* _ENTRIES SHOWN_

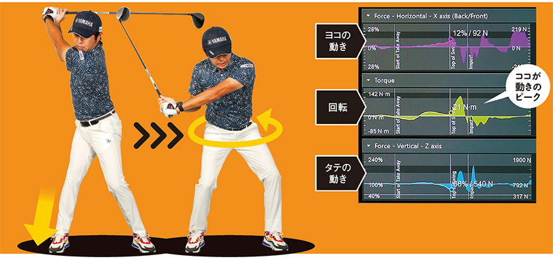 トップからダウンスイングへの切り返しから3つの動作が順に作動しますが、ゴルファーによって3つの動きのピークに違いが見られることがデータ検証で解明されています。
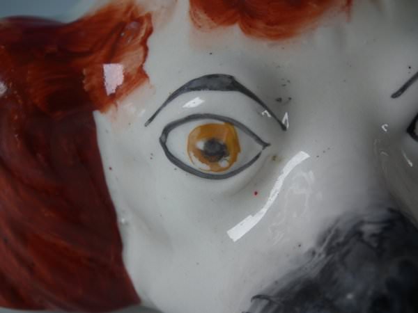 Cover: Generally good. Some paint losses to russet markings, right eye and muzzle.
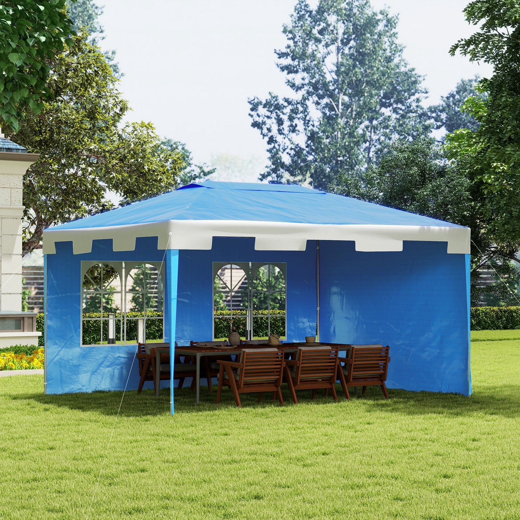 A marquee gazebo with sides to put up for any event - car boot sales, garden parties, family gatherings and so much more. A steel frame for strength, our marquee is made into a 3m x 4m size, for plenty of space inside. Two removable walls of the party gazebo allow you to open up fully whenever you want; whether private or open, the choice is yours. A wall features two clear windows to see outside.
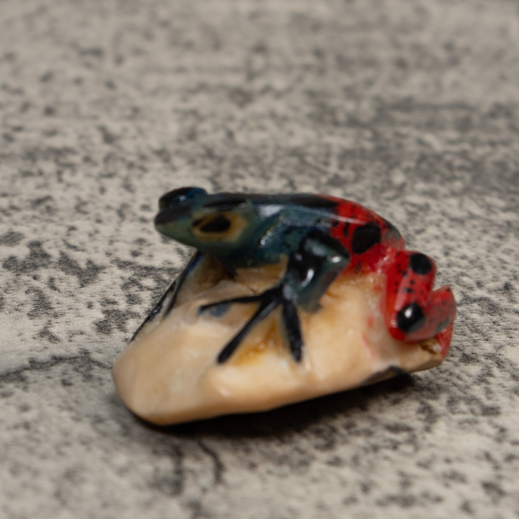 Vintage Blue Green And Black Poison Dart Frog Tagua Carving
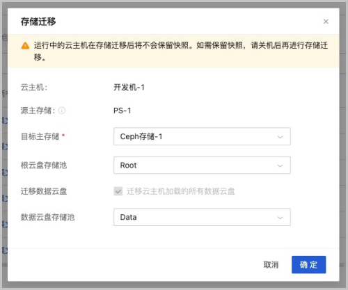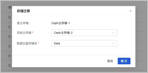 从ZStack Cloud 4.3.12开始,对云主机/云盘执行存储迁移操作时,若目标主存储为Ceph主存储,支持指定目标存储池(根云盘存储池、数据云盘存储池),满足用户对存储池的灵活分配需求。
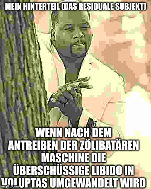 Wie wird denn die Zölibatäre Maschine angetrieben? Und welche Rolle spielt das Hinterteil dabei? Und was fängt man dann mit all der residualen Voluptas an? Bitte elaborieren.

* _PROMPT_
Leave every picture out, and repeat exactly the lines from the one containing "Cover: Generally good." through the last line of the entries, both ends included.

* _EXERCISE RESULT_
 Cover: Generally good. Some paint losses to russet markings, right eye and muzzle.
 A marquee gazebo with sides to put up for any event - car boot sales, garden parties, family gatherings and so much more. A steel frame for strength, our marquee is made into a 3m x 4m size, for plenty of space inside. Two removable walls of the party gazebo allow you to open up fully whenever you want; whether private or open, the choice is yours. A wall features two clear windows to see outside.
 Vintage Blue Green And Black Poison Dart Frog Tagua Carving
 从ZStack Cloud 4.3.12开始,对云主机/云盘执行存储迁移操作时,若目标主存储为Ceph主存储,支持指定目标存储池(根云盘存储池、数据云盘存储池),满足用户对存储池的灵活分配需求。
 Wie wird denn die Zölibatäre Maschine angetrieben? Und welche Rolle spielt das Hinterteil dabei? Und was fängt man dann mit all der residualen Voluptas an? Bitte elaborieren.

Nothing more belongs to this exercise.